ABOUT THIS TASK => Using only the entries below, output the lines starting at the one containing "門井 やわさんの総格は18画の4点!" and ending at the one containing "Платье-халат миди с", exactly and inclusive of both, omitting the pictures.

RECORD EXTRACTS =>
BEGIN

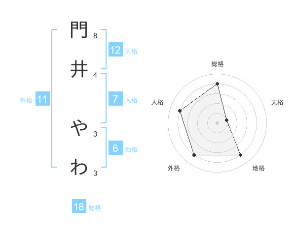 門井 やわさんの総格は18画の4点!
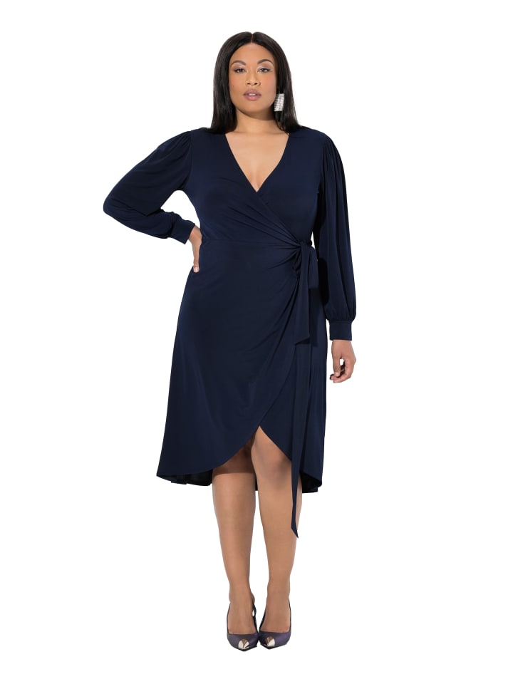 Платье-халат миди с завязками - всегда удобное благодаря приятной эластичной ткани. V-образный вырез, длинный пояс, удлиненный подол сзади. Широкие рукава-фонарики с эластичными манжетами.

END
BEGIN

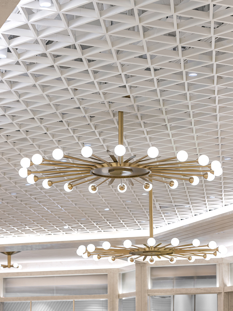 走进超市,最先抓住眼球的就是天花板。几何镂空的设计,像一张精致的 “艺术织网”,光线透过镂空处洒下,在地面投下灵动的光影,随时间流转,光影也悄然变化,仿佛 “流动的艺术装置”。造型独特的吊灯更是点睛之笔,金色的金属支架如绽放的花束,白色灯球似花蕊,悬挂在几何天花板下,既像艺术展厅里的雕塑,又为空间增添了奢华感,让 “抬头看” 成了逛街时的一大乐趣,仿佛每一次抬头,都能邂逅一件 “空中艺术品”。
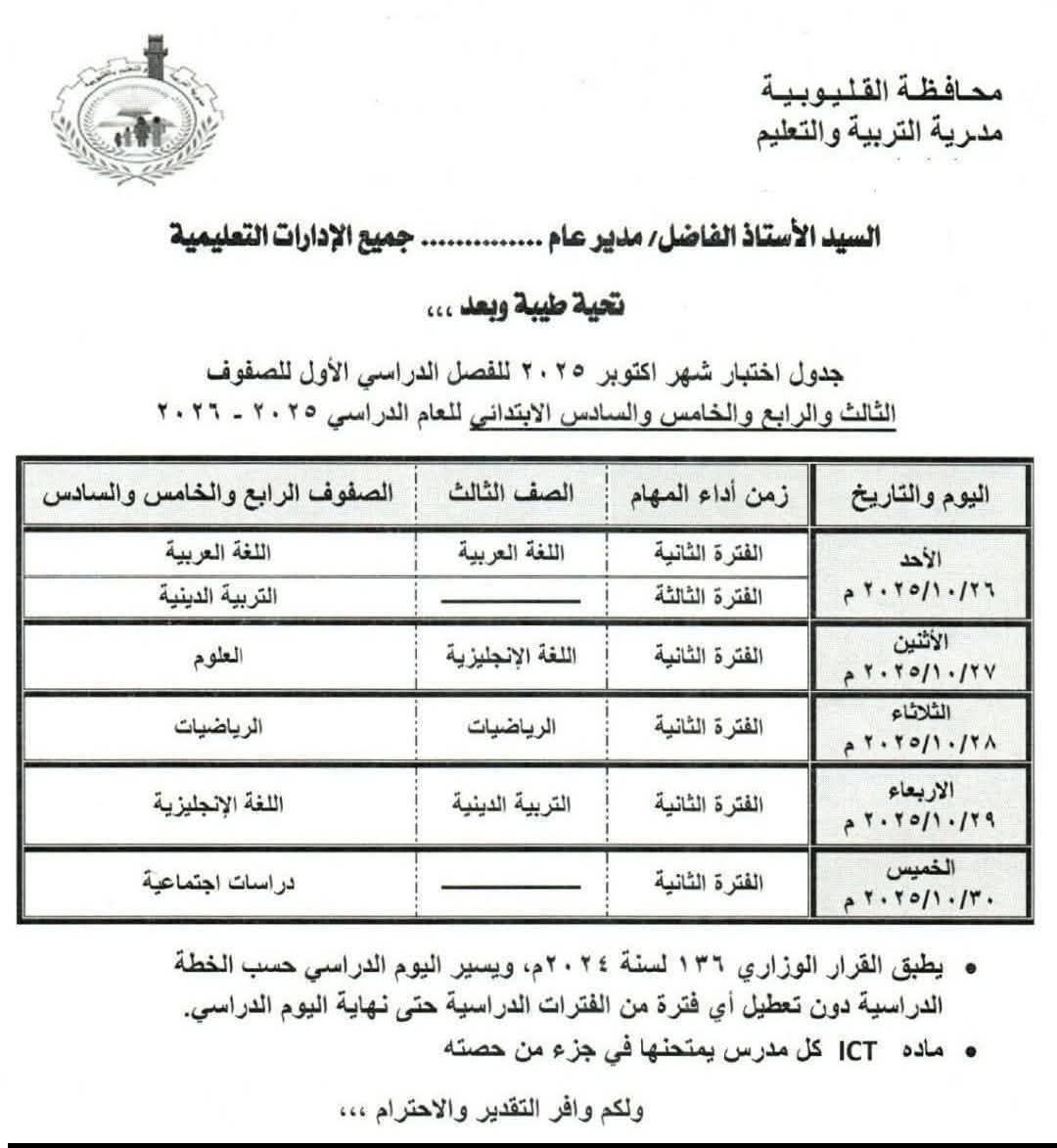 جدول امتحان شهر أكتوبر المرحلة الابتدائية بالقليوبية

END

REPLY =>
 門井 やわさんの総格は18画の4点!
 Платье-халат миди с завязками - всегда удобное благодаря приятной эластичной ткани. V-образный вырез, длинный пояс, удлиненный подол сзади. Широкие рукава-фонарики с эластичными манжетами.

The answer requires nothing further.